Sterile solutions are useful for certain medicinal and opthalmic
applications in which it is desirable to expel a portion of a
sterile liquid from a multi-dose container for treatment purposes
while maintaining the integrity of the remaining sterile solution.
In such applications, it is necessary either to provide a
bacteriostatic agent in the solution itself or to remove
microorganisms and other contaminants from the flow of replacement
air into the container.
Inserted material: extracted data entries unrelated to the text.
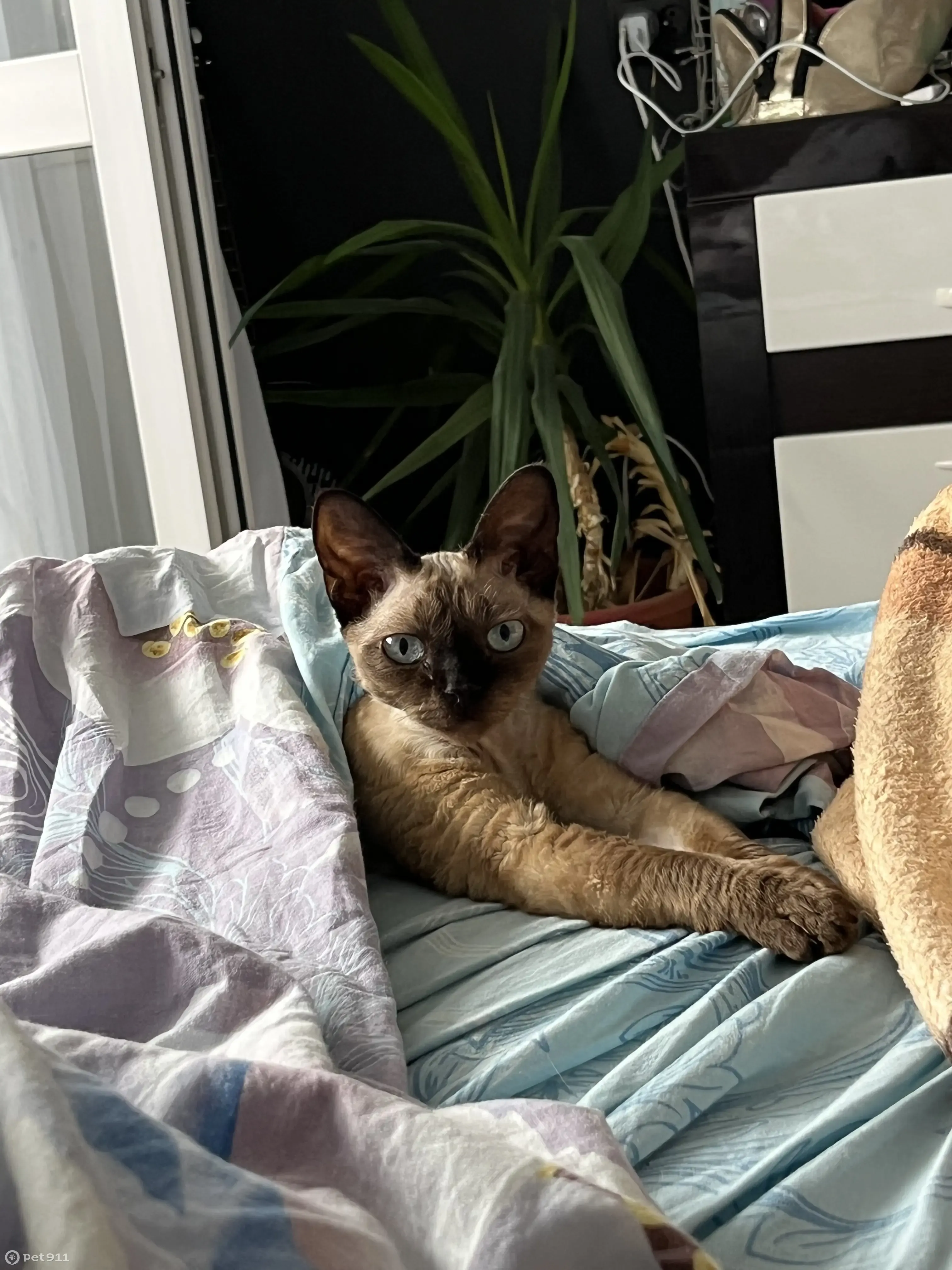 Особые приметы: шерсть короткая и вьющиеся, голубые глаза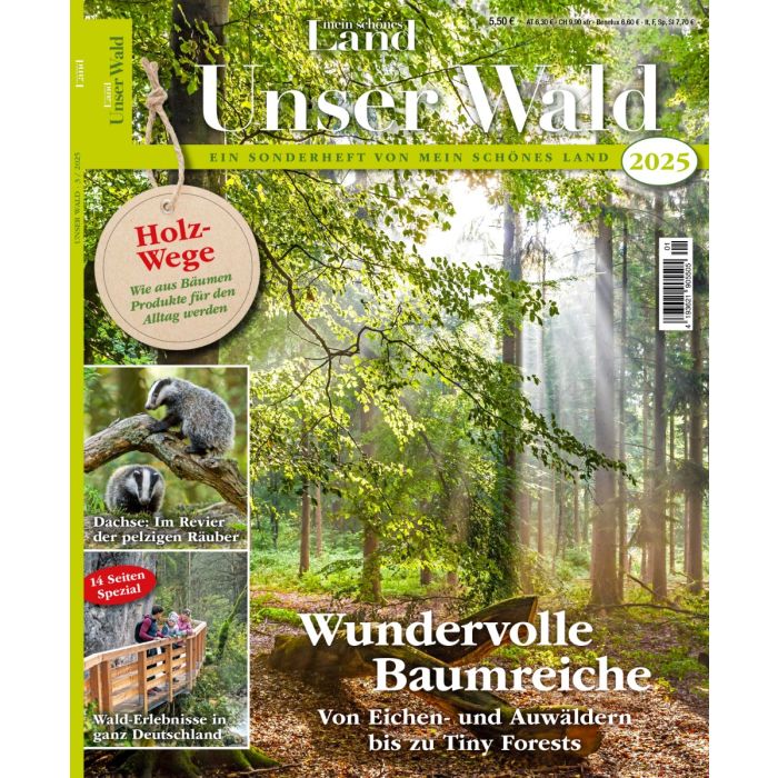 Das 12-seitige "Erlebnis-Spezial" im Heft präsentiert die spektakulärsten Baumwipfelpfade zwischen Alpen und Ostsee und gibt Tipps für mystische Wanderziele in ganz Deutschland.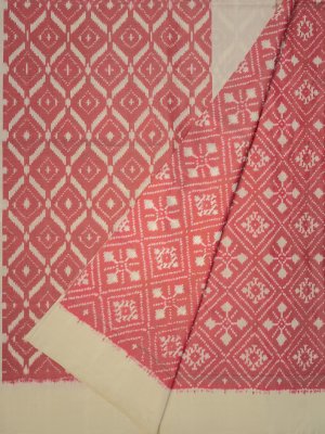 This handwoven Ikat silk has a pink body that is adorned with off-white geometric ikat patterns. It is paired with an elegant off-white border.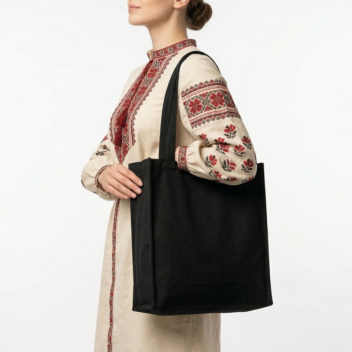 Обираючи чорну сумку-шопер з дном і боками із саржі, ви інвестуєте у власний комфорт, преміальну якість та ефективне просування вашого бренду.

It is also necessary to ensure that the
fluid dispensing path permits no intrusion of contaminants into the
container after dispensing a portion of the sterile solution.
In widely accepted practice, the solution delivery is accomplished
by generating sufficient dispensing pressure by squeezing the
container and then providing means for replacement air to enter the
container. A preservative is employed to permit multi-dose
usage.
In one presently employed application, a sterile solution has been
developed for daily cleaning and disinfection of contact lenses.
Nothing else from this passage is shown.